I am trying to run horovod.torch on gpu clusters (p2.xlarge) from databricks.
Because horovod use AllReduce to communicate parameters among the nodes, each worker node needs to load the whole dataset and work on the different partitions. After each iteration, all nodes get the parameters values from other nodes by AllReduce to update their own parameters by taking averages of them.
My understanding is that this is SPMD (single program multiple data) becauee each worker node needs to load the same whole dataset.
I need to load the whole dataset from each worker node, right ?
My code:
import horovod.torch as hvd
from sparkdl import HorovodRunner
def test1():
hvd.init()
train_df = spark.read.parquet("s3://my_data/").cache()
print("load data done")
hr = HorovodRunner(np=2)
hr.run(test1)
But I got error:
Exception: It appears that you are attempting to reference SparkContext from a broadcast variable, action, or transformation. SparkContext can only be used on the driver, not in code that it run on workers. For more information, see SPARK-5063.

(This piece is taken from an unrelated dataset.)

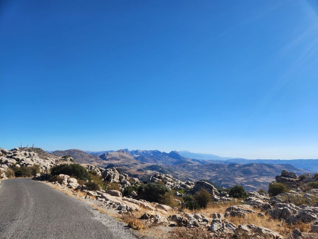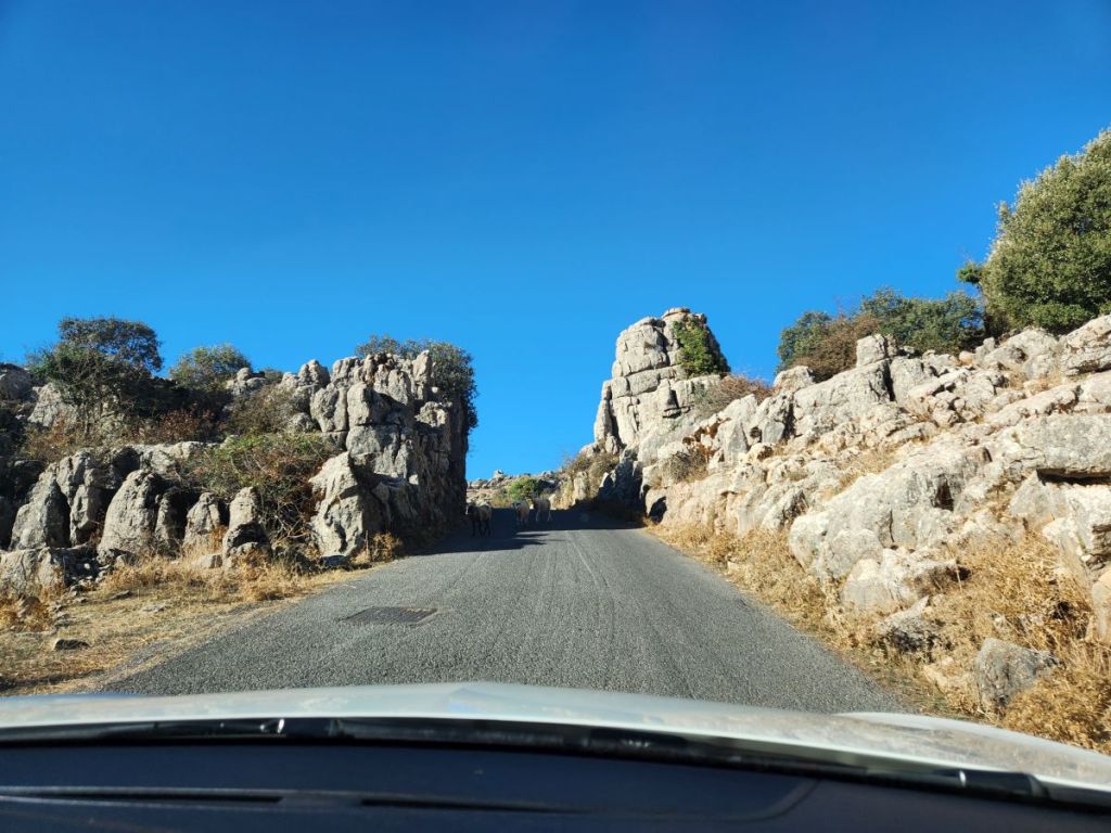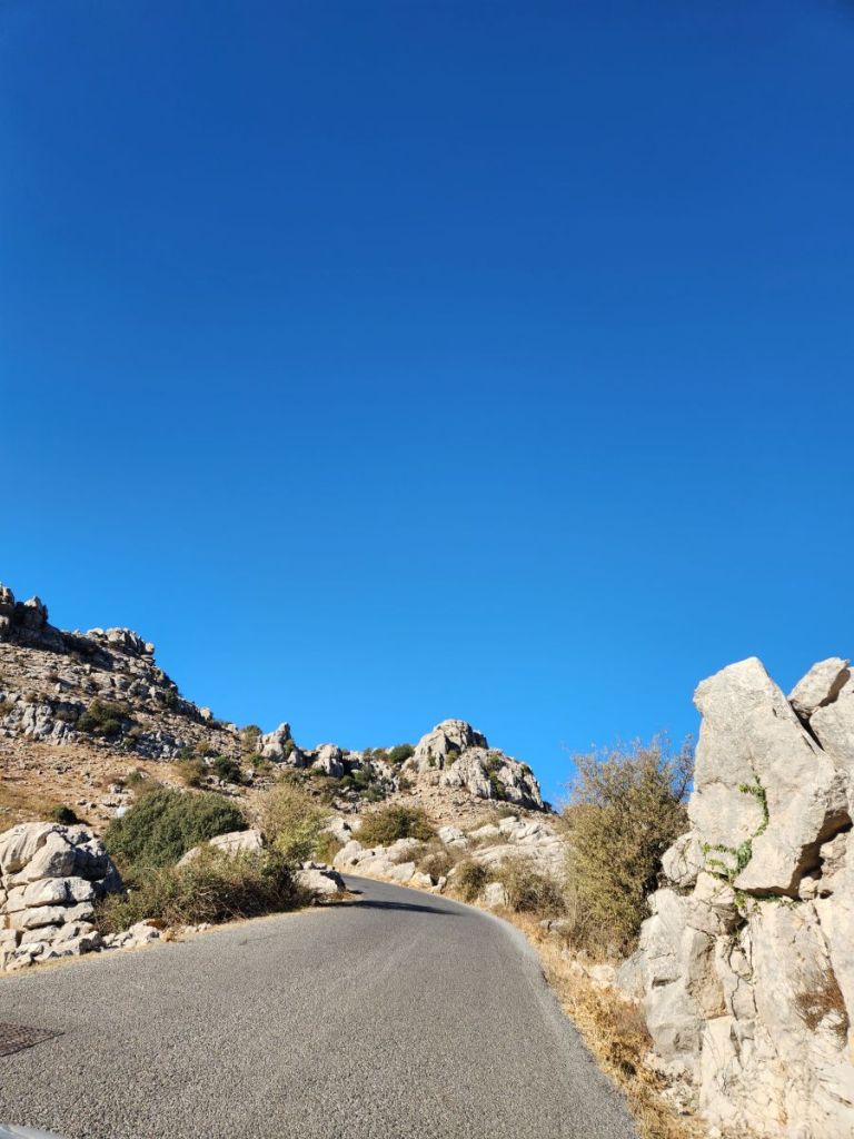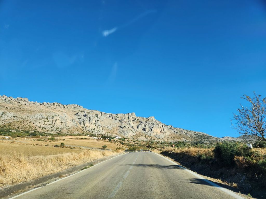And we are off. Quickly making our way through Malaga’s waterfront and onto some little narrow side streets that eventually lead us to the road that will take us up into Antequera. The roads are good, if not a little narrow as they start their steady climb through farmland and scrub, reaching ever higher until we see the craggy karst range ahead of us. The views are spectacular even here.

It seems that spark does not allow multiple context ?
I also tried to create a new local spark session on each worker:
def test1():
hvd.init()
from pyspark.sql import SparkSession
spark = SparkSession \
.builder \
.appName("Python Spark SQL example") \
.config("spark.some.config.option", "some-value") \
.getOrCreate()
train_df = spark.read.parquet("s3://my_data/").cache()
hr = HorovodRunner(np=2)
hr.run(test1)
I got error:
[1,1]<stderr>:Error: Could not find or load main class org.apache.spark.launcher.Main
[1,1]<stderr>:/databricks/spark/bin/spark-class: line 101: CMD: bad array subscript
How to use spark to load data on each worker node ?
If spark does not allow other nodes to create their own sparksession, how to load data on each worker node for horovod ?